Pytanie na pozór banalne. Prawie każdy odpowie, że do jazdy samochodem powinniśmy wybrać obuwie wygodne. Ale czy klapki, którym wygody odmówić nie można, nadają się do prowadzenia auta? Albo buty na obcasie lub stylowe botki na grubym koturnie?
Auto i buty na obcasie lub tzw. koturny nie będą dobrym pomysłem. Powód jest prosty – kierowca powinien „czuć” pedał hamulca, sprzęgła i gazu. A to czucie jest niezmiernie ważne w sytuacjach nagłych, wymagających hamowania awaryjnego. Wygodne obuwie to szybsza reakcja. To bezpieczeństwo. Szpilki z pewnością nie ułatwiają szybkiej reakcji. Podobnie sandały z wiązaniem na kostce lub klapki, które mogą się po prostu zsunąć. Takie buty są dodatkową przeszkodą w komfortowej jeździe.

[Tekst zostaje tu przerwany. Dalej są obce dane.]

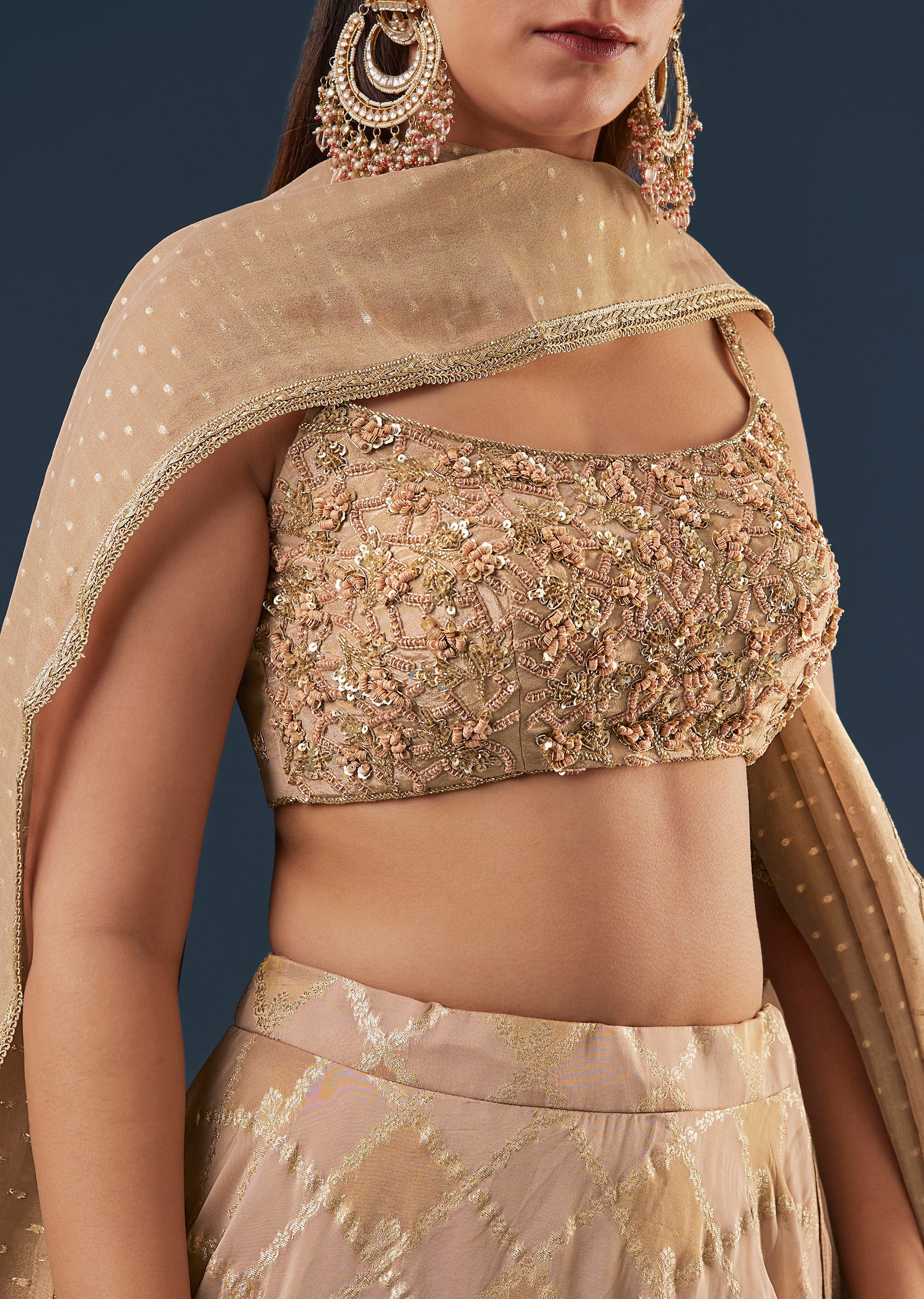 Copper Gold Banarasi Lehenga Set With Square Neck Blouse

A więc kierowca plus auto równa się wygodne obuwie. Na płaskiej podeszwie, niezbyt grubej (maksymalnie 2-2,5 cm). Obuwie dobrze trzymające się stopy. Buty sportowe lub trampki będą najlepszym rozwiązaniem. I nie trzeba rezygnować ze szpilek. Panie mogą przecież zmienić buty przed jazdą i po jeździe. Zmiana obuwia to tylko chwila, ale korzyści takie jak bezpieczeństwo i komfortowa jazda są nie do przecenienia.